Localización (Institución, Colección):
Madrid, Museo Arqueológico Nacional, n. 2004/95/1
Fuentes primarias:
Plutarco, Cuestiones conviviales,9
Platón, República, 617b
Descripción:
"(...) cuando después de la muerte [las almas] se convierten en errantes, las sirenas las inspiran con el amor de lo que es celestial y divino, al mismo tiempo que les dan el olvido de las miserias mortales. Las mantienen, las encantan y las consuelan; y estas almas, por gratitud, las siguen y se unen a ellas. Aquí en la tierra nos llega a nosotros un eco debilitado de esta música... “ (Plut., Quaest. Conv., 9, 14, 6, 745 D e y F.).

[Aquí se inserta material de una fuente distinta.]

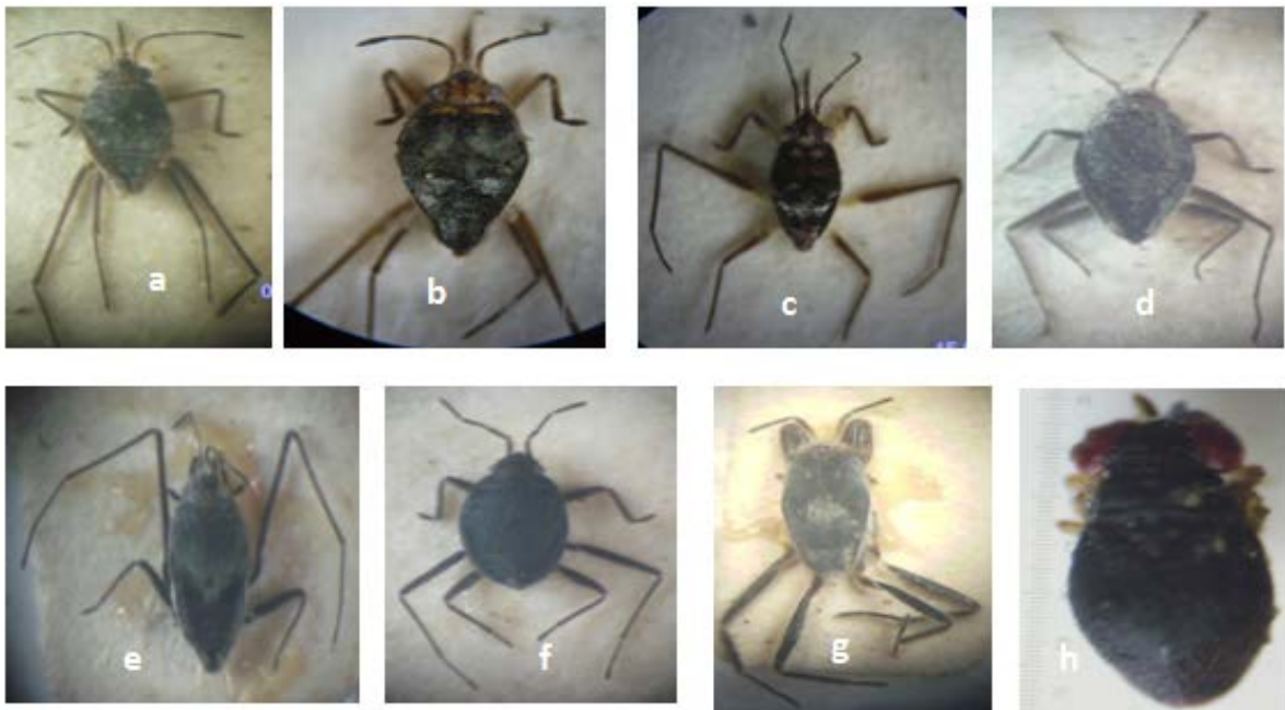
Figure 4. a) Haloveloides femoralis , b) Xenobates sp. 1, c) Xenobates sp. 2, d) Halovelia bergrohii , e) Halovelia esaki , f) Halovelia malaya , g) Hermatobates marcheii and h) Corallocoris marksae found in Badian, Cebu, Philippines

Las creencias sobre la inmortalidad del alma se difundieron en el mundo griego postclásico; con tal concepción escatológica, las sirenas se convirtieron en verdaderas “Musas del Allende”, salvadoras de almas y consuelo vigilante de los difuntos en el Más Allá. En el siglo IV a.C., la difusión de las ideas pitagóricas sobre la armonía cósmica y el pensamiento platónico, convirtieron a las sirenas en seres celestiales, psicopompos y apotropaicos, por lo que su imagen se generalizó en ajuares y monumentos funerarios.
Erguida sobre un pedestal cuadrangular, la sirena es un ser híbrido: provista de patas, alas desplegadas y cola de ave, pero su rostro, sus brazos y su torso -de amplios senos-, son femeninos. Luce una túnica que cubre parcialmente su cuerpo, anudada en su hombro derecho, dejando visible un seno, indumentaria que encubre parte de su naturaleza aviforme. Tiene el cabello largo, ondulado, que cae sobre los hombros y queda recogido en la parte superior. Lleva su mano derecha a la cabeza, en claro gesto de lamentación (1) y con la izquierda sostiene una cítara de caja cuadrada, cuya morfología, muy estilizada, corresponde a los últimos años del siglo IV a.C.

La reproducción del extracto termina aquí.